- Directed by: Lloyd Ingraham
- Written by: Colin Clements Florence Ryerson
- Starring: Raymond McKee Edna Murphy Charles K. French
- Cinematography: Herbert Kirkpatrick
- Production company: Sterling Pictures
- Distributed by: Sterling Pictures
- Release date: November 5, 1926;
- Running time: 50 minutes
- Country: United States
- Language: Silent (English intertitles)

= Oh, What a Night! (1926 film) =

1926 film

Oh, What a Night! is a 1926 American silent comedy film directed by Lloyd Ingraham and starring Raymond McKee, Edna Murphy, and Charles K. French.

==Plot==
As described in a film magazine review, Robert Brady is the struggling author of a play which the producer has rejected because in the last act a baby swallows the pearls, and the producer insists that no child alive could swallow a string of pearls.
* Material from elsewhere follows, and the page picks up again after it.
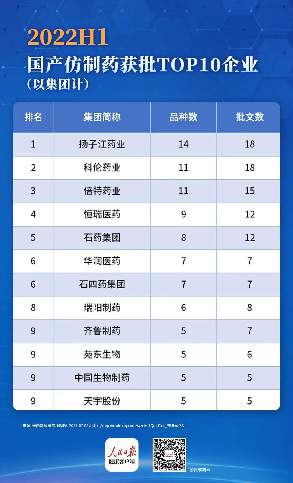 据米内网数据,2022上半年国家药监局共批准471个国产仿制药批文,涉及210个品种。仿制药获品种前十批企业中,扬子江药业以14个品种稳居榜首;科伦药业、倍特药业并列第二,各有11个品种获批上市;恒瑞医药、石药集团分别位列第四、第五。
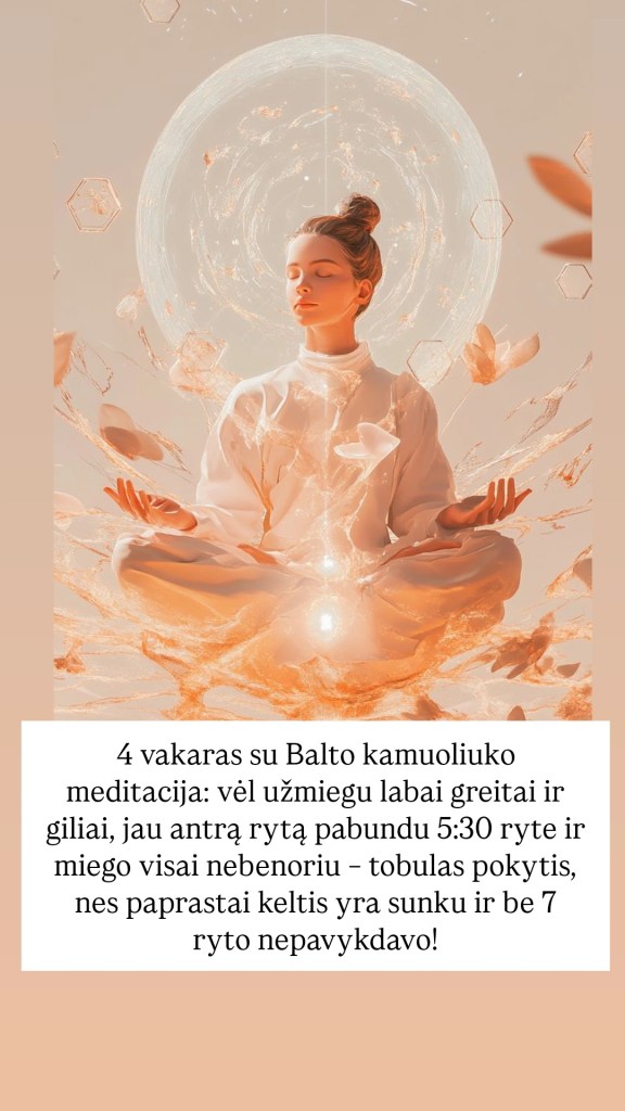 „Balto kamuoliuko“ meditacija man yra pats geriausias miego receptas. Vos įsijungiu, maždaug po 5 minučių aš iškart užmiegu, kažkoks stebuklas! Toliau lieka įrašas įjungtas ir mano pasąmonė miegodama dar klausosi meditacijos iki galo. O pabusti kaip būna lengva, neįtikėtina, nes paprastai man keltis labai sunku su žadintuvais gal trim ar keturiais… Paklausiusi prieš miegą būtent „Balto kamuoliuko“ meditacijos, atsikeliu kartais visa valanda anksčiau nei suskamba žadintuvas, pati natūraliai be pastangų ir dar turiu ryte laiko sau. Super meditacija!

Back at his quiet hotel room, Robert feels he is going mad after he is repeatedly interrupted in his attempts to rewrite the third act. A baby hollowing in the apartment above him is the first crack, which is followed by a crook opening a safe only to find a bottle of gin. The baby, left alone in the apartment, grabs the pearls before the thief can stop him, and the thief assumes the child swallowed them. To get the pearls, the thief kidnaps the baby. The author becomes implicated and is suspected of having the stolen pearls. After a chase, the culprit is caught, the pearls are found in the baby's rompers, and the author goes back with confidence to complete his writing.

==Cast==
- Raymond McKee as 	Robert 'Bob' Brady
- Edna Murphy as June Craig
- Charles K. French as John Craig
- Wilfrid North as Dean Simpson
- Ned Sparks as 'Slickry' Benton
- Frank Alexander as Bill Williams
- Hilliard Karr as Detective
- Jackie Combs as Baby Tommy

==Preservation==
Prints of Oh, What a Night! are in the film collections of the Museum Of Modern Art, UCLA Film and Television Archive, and BFI National Archive.

==Bibliography==
- Connelly, Robert B. The Silents: Silent Feature Films, 1910-36, Volume 40, Issue 2. December Press, 1998.
- Munden, Kenneth White. The American Film Institute Catalog of Motion Pictures Produced in the United States, Part 1. University of California Press, 1997.